Mas isso ainda era pouco. Em 1968, um membro da Guarda Vermelha, de 18 anos, chamado Wei Jingsheng, encontrou refúgio em uma família de um vilarejo em Anhui, e ali ele viveu para escrever o que ele viu:

Caminhávamos juntos ao longo do vilarejo. . .  Diante de meus olhos, entre as ervas daninhas, surgiu uma das cenas que já haviam me contado: um dos banquetes no qual as famílias trocam suas crianças para poder comê-las. Eu podia vislumbrar claramente a angústia nos rostos das famílias enquanto elas mastigavam a carne dos filhos dos amigos. As crianças que estavam caçando borboletas em um campo próximo pareciam ser a reencarnação das crianças devoradas por seus pais. O que fez com que aquelas pessoas tivessem de engolir aquela carne humana, entre lágrimas e aflições — carne essa que elas jamais se imaginaram provando, mesmo em seus piores pesadelos?
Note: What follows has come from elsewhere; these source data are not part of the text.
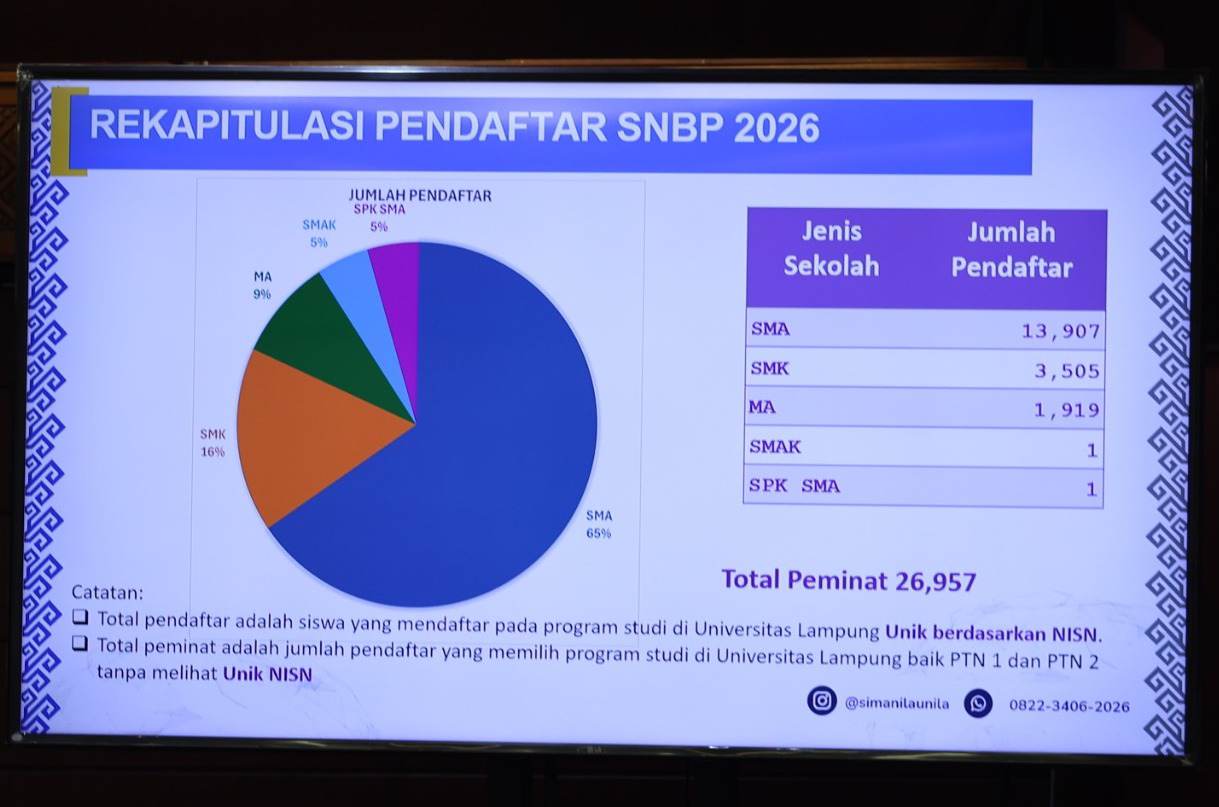 Di sisi lain, tingginya minat masuk Unila tetap menjadi tantangan tersendiri. Dengan total 26.957 pendaftar dan hanya 2.866 yang diterima, peluang lolos melalui jalur SNBP masih sangat terbatas.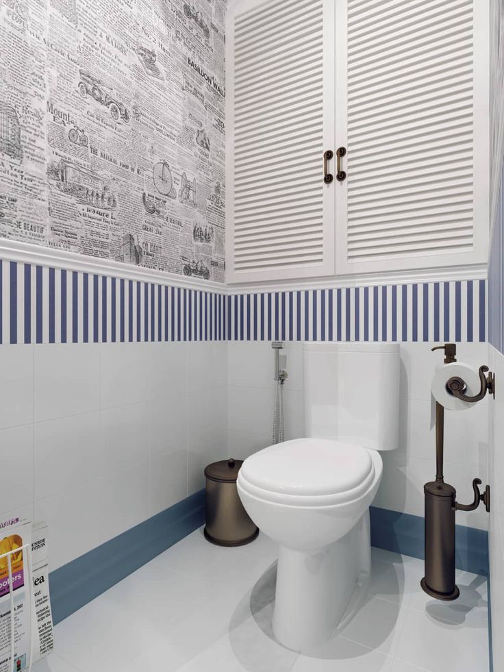 Один из самых распространенных вариантов оформления маленькой туалетной комнаты – разделение стен по горизонтали при помощи бордюра. Верхняя часть комнаты оформляется в светлых оттенках, нижняя – в более темных, но не чересчур мрачных. Хорошо смотрятся сочетания контрастных по цвету оттенков одного цвета, например, лимонный + желтый, голубой + синий, салатовый + зеленый и т.д.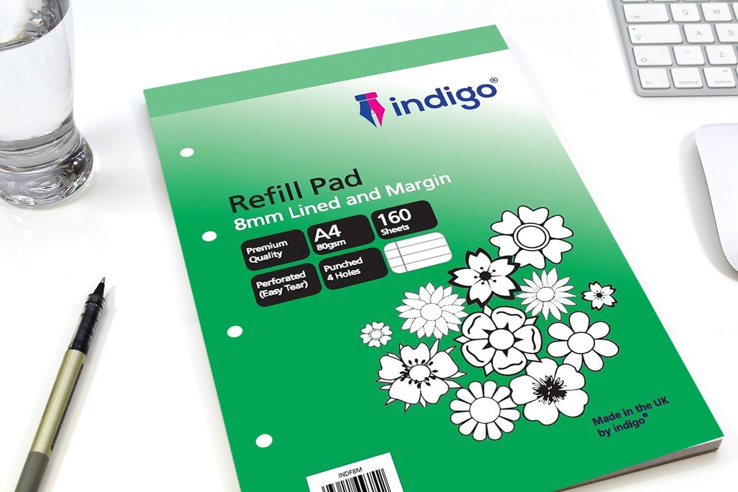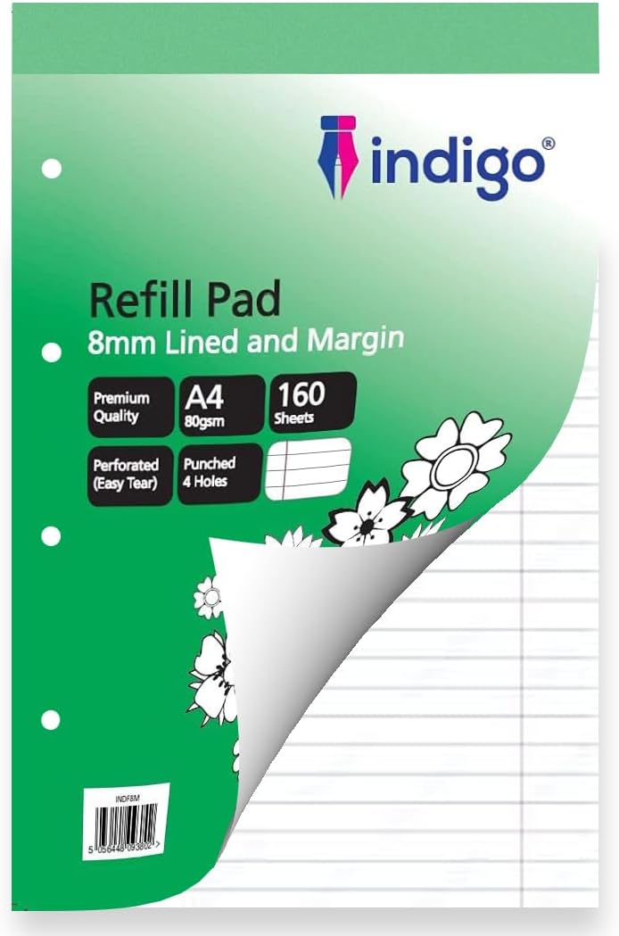 Achieve clear, organised notes with the indigo® A4 Refill Pad – 8mm Lined with Margin, 160 Pages. Perfect for students, teachers, and professionals, this high-quality refill pad features feint 8mm ruled lines with a margin, making it ideal for neat handwriting, structured note-taking, and formal documentation.

O autor dessa passagem foi preso como traidor, mas seu status o protegeu da morte, e ele foi finalmente solto em 1997.

Quantas pessoas morreram durante a fome de 1959-1961? A menor estimativa é de 20 milhões. A maior, de 43 milhões. Finalmente, em 1961 o governo cedeu e permitiu alguma importação de comida, mas foi pouco e já era tarde. Foi permitido a alguns camponeses voltar a plantar em sua própria terra. Surgiram alguns ateliês particulares. Alguns mercados foram permitidos. Finalmente, a fome começou a diminuir e a produção começou a crescer.

Mas então veio a terceira etapa: encontrar os bodes expiatórios. O que havia causado toda a calamidade? A resposta oficial era qualquer coisa, menos o comunismo; qualquer coisa, menos Mao. E então a captura de pessoas por motivos puramente políticos começou novamente — e aqui chegamos ao cerne da Revolução Cultural.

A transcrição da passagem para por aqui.